* Data below:

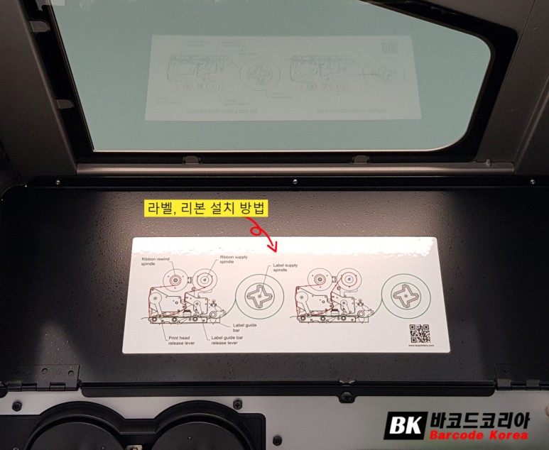 덮개 안쪽에는 라벨, 리본 설치 방법이 설명되어 있습니다.
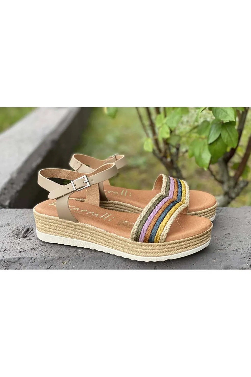 Sandalia Karralli en color beige con tira decorada con diferentes colores. Cuenta con una plantilla acolchada muy cómoda. Fabricada en España.
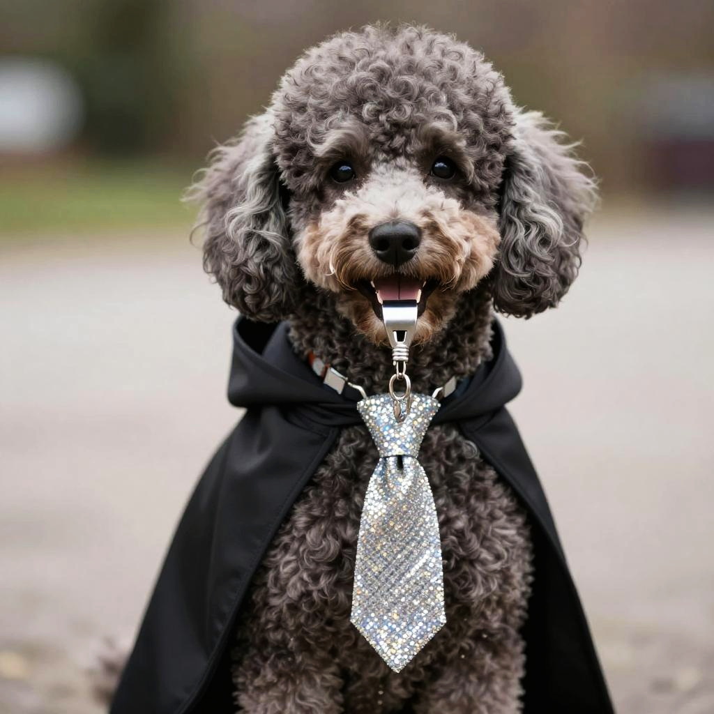 Realistic photo.[poodle] in a [cape] with [whistle] and a [glittery] tie realistic photo

* Exercise details:
All of the material above needs to be restated exactly, with no pictures.

* Solution to the problem:
 덮개 안쪽에는 라벨, 리본 설치 방법이 설명되어 있습니다.
 Sandalia Karralli en color beige con tira decorada con diferentes colores. Cuenta con una plantilla acolchada muy cómoda. Fabricada en España.
 Realistic photo.[poodle] in a [cape] with [whistle] and a [glittery] tie realistic photo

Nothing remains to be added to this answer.